Records for this exercise |

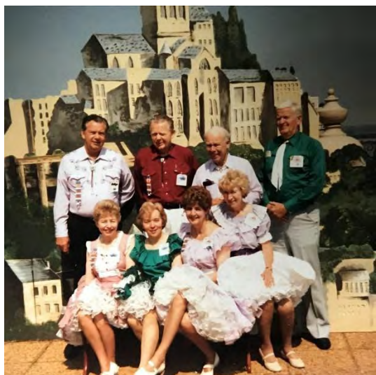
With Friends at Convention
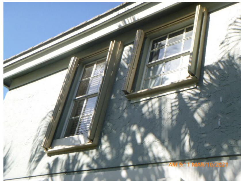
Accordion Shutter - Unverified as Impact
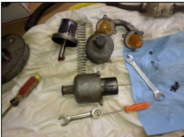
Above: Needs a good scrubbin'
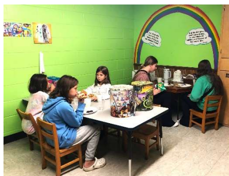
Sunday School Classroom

* * *

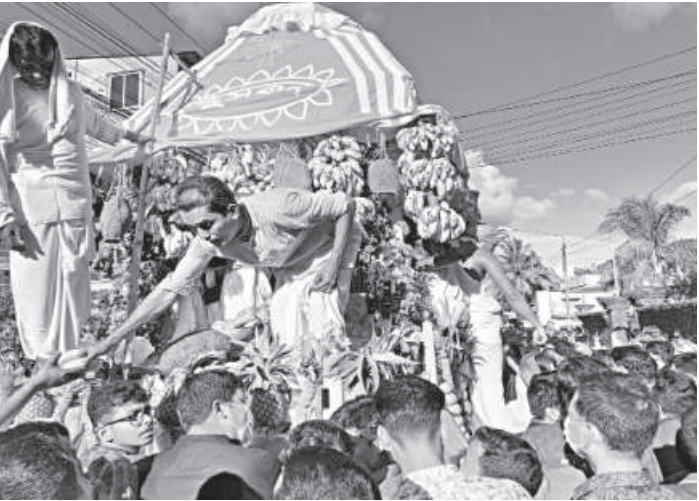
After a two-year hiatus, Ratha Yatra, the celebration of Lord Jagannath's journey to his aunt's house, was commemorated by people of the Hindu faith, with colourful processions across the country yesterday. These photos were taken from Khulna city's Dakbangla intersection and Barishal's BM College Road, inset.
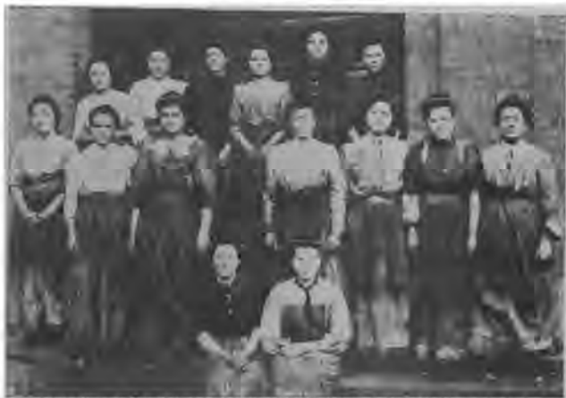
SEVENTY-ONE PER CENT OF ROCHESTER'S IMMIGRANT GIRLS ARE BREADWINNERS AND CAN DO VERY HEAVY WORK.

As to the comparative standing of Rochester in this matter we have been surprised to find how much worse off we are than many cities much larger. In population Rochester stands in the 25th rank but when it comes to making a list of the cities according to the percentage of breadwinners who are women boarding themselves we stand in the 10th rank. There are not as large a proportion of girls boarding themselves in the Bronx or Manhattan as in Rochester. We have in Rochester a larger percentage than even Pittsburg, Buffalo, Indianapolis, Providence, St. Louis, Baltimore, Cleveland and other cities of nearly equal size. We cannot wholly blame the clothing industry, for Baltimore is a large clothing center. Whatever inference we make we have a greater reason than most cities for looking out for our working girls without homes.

Your instructions | A word-for-word reproduction is needed of the lines above from the line containing "With Friends at Convention" through the line containing "Sunday School Classroom", with both ends kept and no pictures.

Response to this exercise |
With Friends at Convention
Accordion Shutter - Unverified as Impact
Above: Needs a good scrubbin'
Sunday School Classroom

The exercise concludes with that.